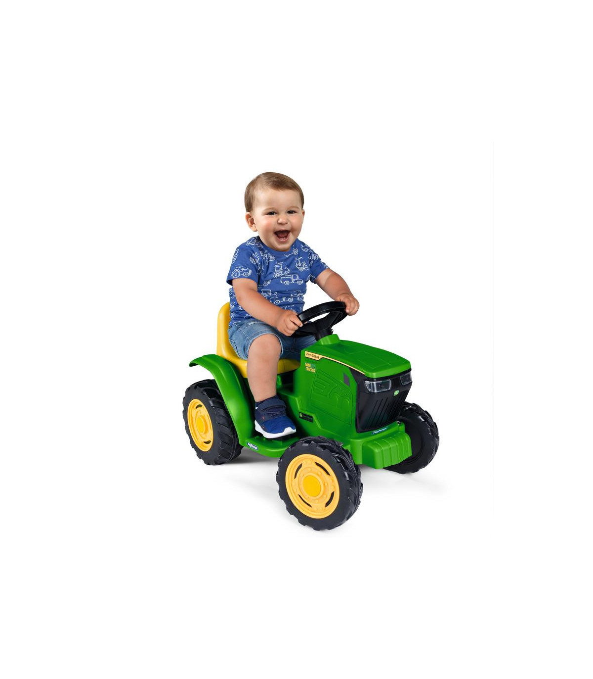 El tractor infantil con batería recargable John Deere Mini Tractor es perfecto para sus primeras experiencias de juego. Puede utilizarse a partir de 1 año de edad. Cómodo y fácil de conducir gracias a sus 2 ruedas motrices y a la potencia del motor de 25 W. Viaja a unos 2,7 km/h y regala multitud de momentos divertidos, dentro y fuera de casa
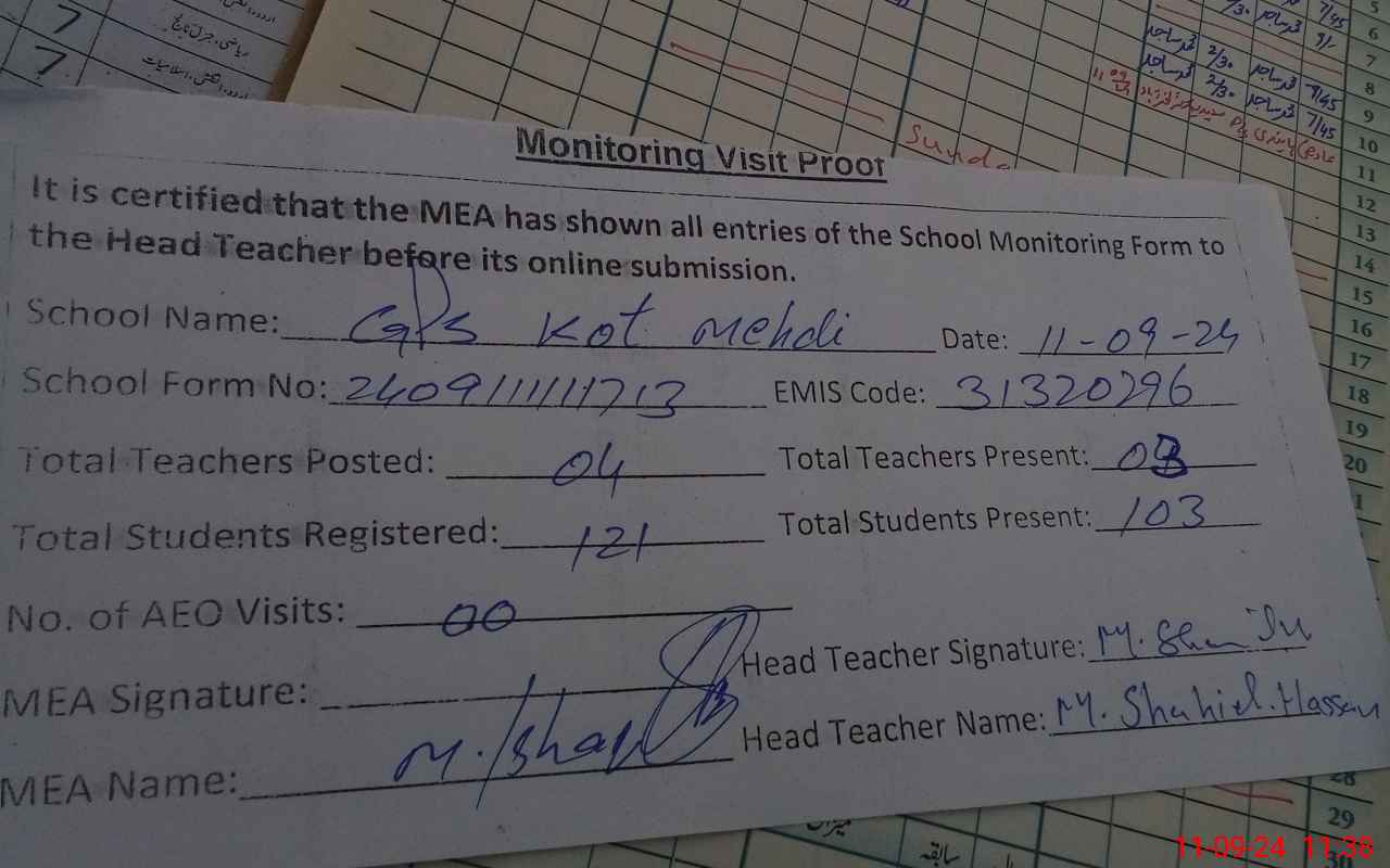 | Attendance Register | Head Teacher | MEA with School | Visit Proof |
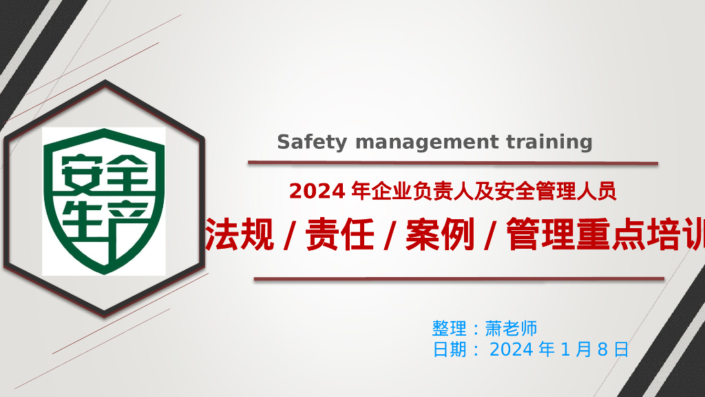 企业负责人及安全管理人员专题培训(123页).ppt
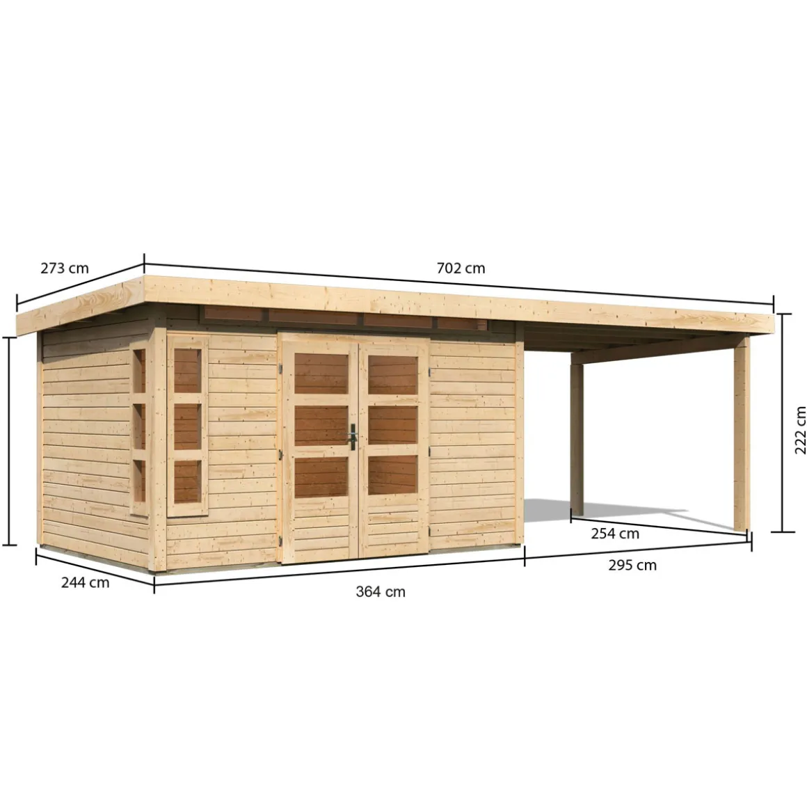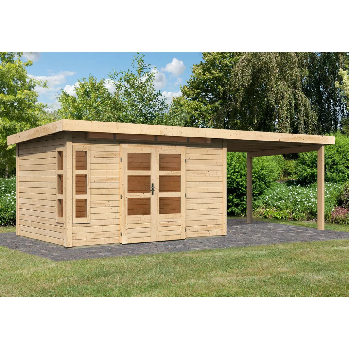 Karibu Blockbohlenhaus Kastorf 7 naturbelassen mit Anbaudach
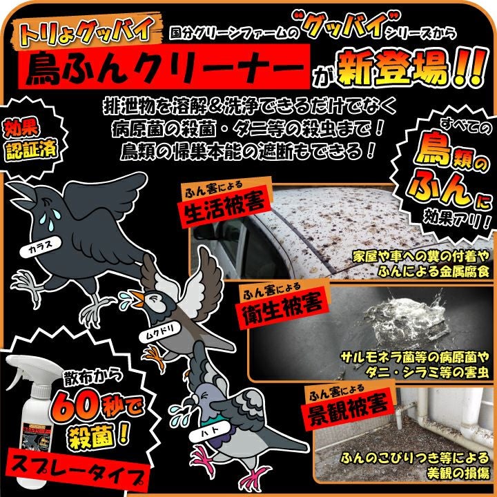 鳥類用忌避剤スプレータイプと鳥ふんを洗浄、殺菌クリーナーのお得セット
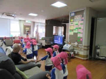 みんなで七夕の歌と幸せなら手をたたこうの歌をうたって来ました。 「かわいいね~!」と言われ、拍手もしていただいてウキウキのこども達でした!
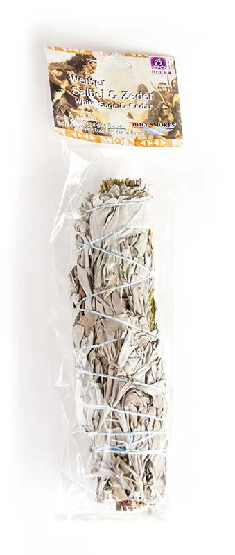 Weisser Salbei ist ein intensiver Reiniger. Er vertreibt negative Energien, Krankheitsdämonen und niedere Astralwesen. Er klärt das Bewusstsein und befreit von allen möglichen Anhaftungen. Die Zeder unterstützt die reinigende Wirkung des weissen Salbeis und gibt uns das nötige Vertrauen und stärkt die Intuition.
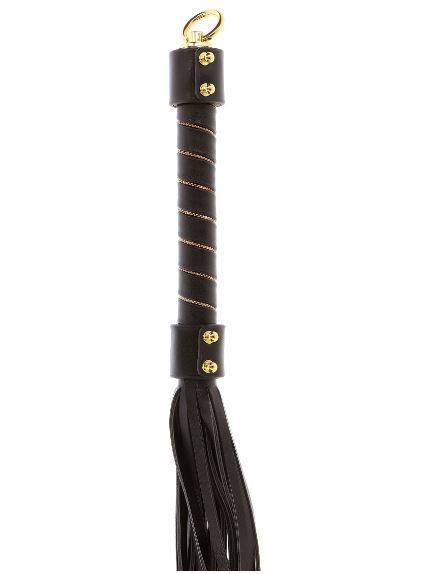 Kaunis ja laadukas hapsupiiska mikä on myös nautinnollisen näköinen! Upeat kultaiset yksityiskohdat menevät kahvaa pitkin ylös ja sen päässä on kultaiset nastat sekä rengas koristamassa tätä jo valmiiksi upeaa piiskaa. PU nahka tuntuu nautinnolliselta iholla ja voit kontrolloida kuinka kovia iskuja annat, tai antaudut jonkun toisen kontrollille. Kahvasta on miellyttävä pitää kiinni ja se näyttää hyvältä kenen käsissä tahansa.

++++++++++

The result should be the material above, unchanged and free of pictures; please print it.

→ **Answer**:
 El tractor infantil con batería recargable John Deere Mini Tractor es perfecto para sus primeras experiencias de juego. Puede utilizarse a partir de 1 año de edad. Cómodo y fácil de conducir gracias a sus 2 ruedas motrices y a la potencia del motor de 25 W. Viaja a unos 2,7 km/h y regala multitud de momentos divertidos, dentro y fuera de casa
 | Attendance Register | Head Teacher | MEA with School | Visit Proof |
 企业负责人及安全管理人员专题培训(123页).ppt
 Karibu Blockbohlenhaus Kastorf 7 naturbelassen mit Anbaudach
 鳥類用忌避剤スプレータイプと鳥ふんを洗浄、殺菌クリーナーのお得セット
 みんなで七夕の歌と幸せなら手をたたこうの歌をうたって来ました。 「かわいいね~!」と言われ、拍手もしていただいてウキウキのこども達でした!
 Weisser Salbei ist ein intensiver Reiniger. Er vertreibt negative Energien, Krankheitsdämonen und niedere Astralwesen. Er klärt das Bewusstsein und befreit von allen möglichen Anhaftungen. Die Zeder unterstützt die reinigende Wirkung des weissen Salbeis und gibt uns das nötige Vertrauen und stärkt die Intuition.
 Kaunis ja laadukas hapsupiiska mikä on myös nautinnollisen näköinen! Upeat kultaiset yksityiskohdat menevät kahvaa pitkin ylös ja sen päässä on kultaiset nastat sekä rengas koristamassa tätä jo valmiiksi upeaa piiskaa. PU nahka tuntuu nautinnolliselta iholla ja voit kontrolloida kuinka kovia iskuja annat, tai antaudut jonkun toisen kontrollille. Kahvasta on miellyttävä pitää kiinni ja se näyttää hyvältä kenen käsissä tahansa.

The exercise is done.